To solve the exercise, you need to create an 8x8 grid (a 2D list) and fill it with alternating 0s and 1s to form a checkerboard pattern.
Instead of two colors, use four colors repeating. Use (row + col) % 4 to choose from an array of colors.
for row in range(rows): for col in range(cols): # Draw square here Use code with caution. 2. Alternating Logic (The Core of V2)
CodeHS exercise 9.1.7 Checkerboard V2 requires students to generate an 8x8 2D list, using nested loops and the modulus operator to create an alternating pattern. The core logic involves evaluating (row + col) % 2 to determine if a cell receives a 0 or 1, a key differentiator from the simpler, row-based V1 assignment. Read user discussions on the solution at Reddit .
What of CodeHS are you using? (Python Tracy, Python Graphics, or JavaScript?) 9.1.7 Checkerboard V2 Codehs
row_1 = [] for i in range(8): # Even index (0, 2, 4, 6) -> 0, Odd index (1, 3, 5, 7) -> 1 if i % 2 == 0: row_1.append(0) else: row_1.append(1) my_grid.append(row_1) # Add the row to the board
If you’re working through the CodeHS Java (or JavaScript) Graphics track, you’ve probably reached . This is a classic “level-up” from the basic checkerboard challenge. It’s designed to test your understanding of nested loops, conditional logic, and coordinate math.
Do your specific CodeHS autograder instructions require (like "black" / "white" ) or integers ( 0 / 1 )?

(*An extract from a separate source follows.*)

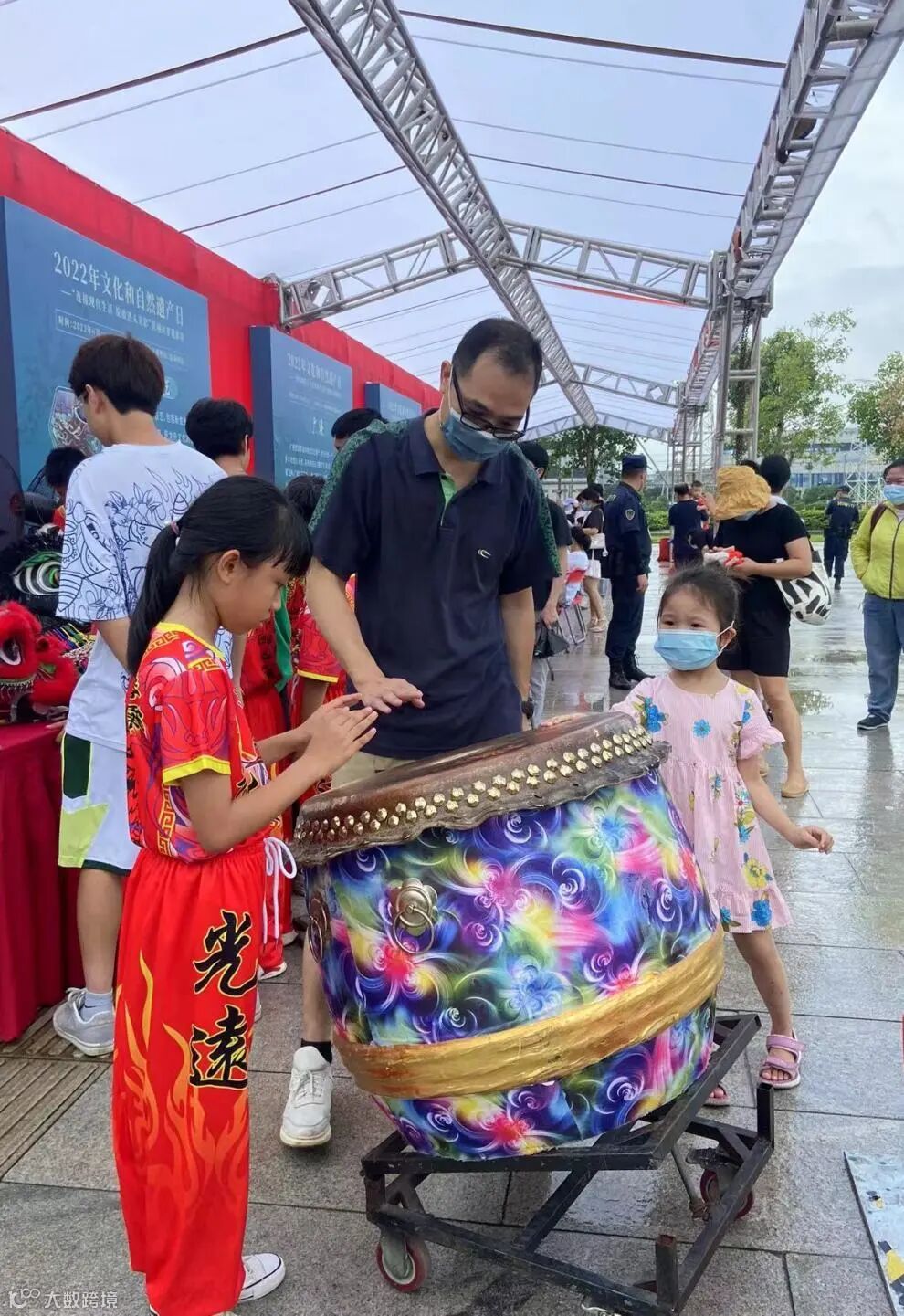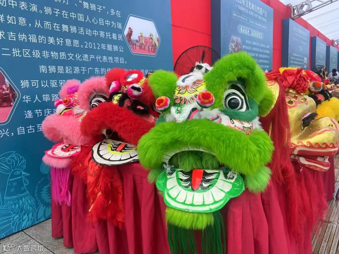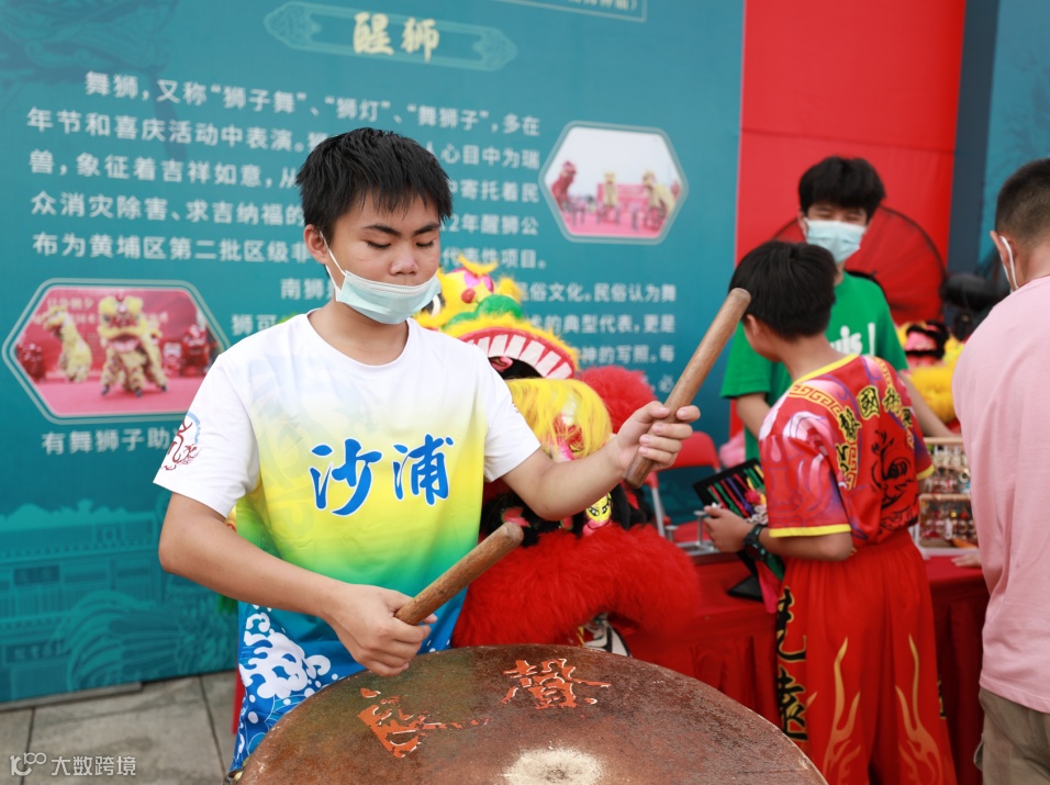 醒狮的展位也是人头涌涌,展示的狮头气势十足,游客争相和狮头合照留念。醒狮队的小朋友们也充满干劲,无论是击鼓还是舞狮,现场表现都威风凛凛,赢得了不少喝彩和掌声。

: This is the most efficient way to determine if a row or column index is even or odd. For a checkerboard, a cell (row, col) usually contains a 1 if the sum of its indices (row + col) is even, and a 0 otherwise. To solve the exercise, you need to create
The iterates through the columns of the current row. 3. Apply the Modulo Condition
Here is the correct Python code using the Turtle module to solve this problem.
Some versions of this exercise require you to start with a board of all s and use a nested loop to set specific indices to . In this case: Iterate through each row and each column (i + j) % 2 != 0 board[i][j] = 1 Example Python Solution
You can now combine this logic into a single, powerful line of code using a list comprehension, which will build the full board in one concise expression: for row in range(rows): for col in range(cols):
This approach ensures that adjacent squares have different colors, resulting in the characteristic checkerboard pattern.
A 2D array is essentially an array of arrays. In Java or JavaScript (the primary languages used in CodeHS), the first index typically represents the row , and the second index represents the column .
) is even or odd. If the sum is even, use Color A; if odd, use Color B. Step-by-Step Implementation 1. Define Constants
Using the % (remainder) operator to determine when a square should be color A versus color B.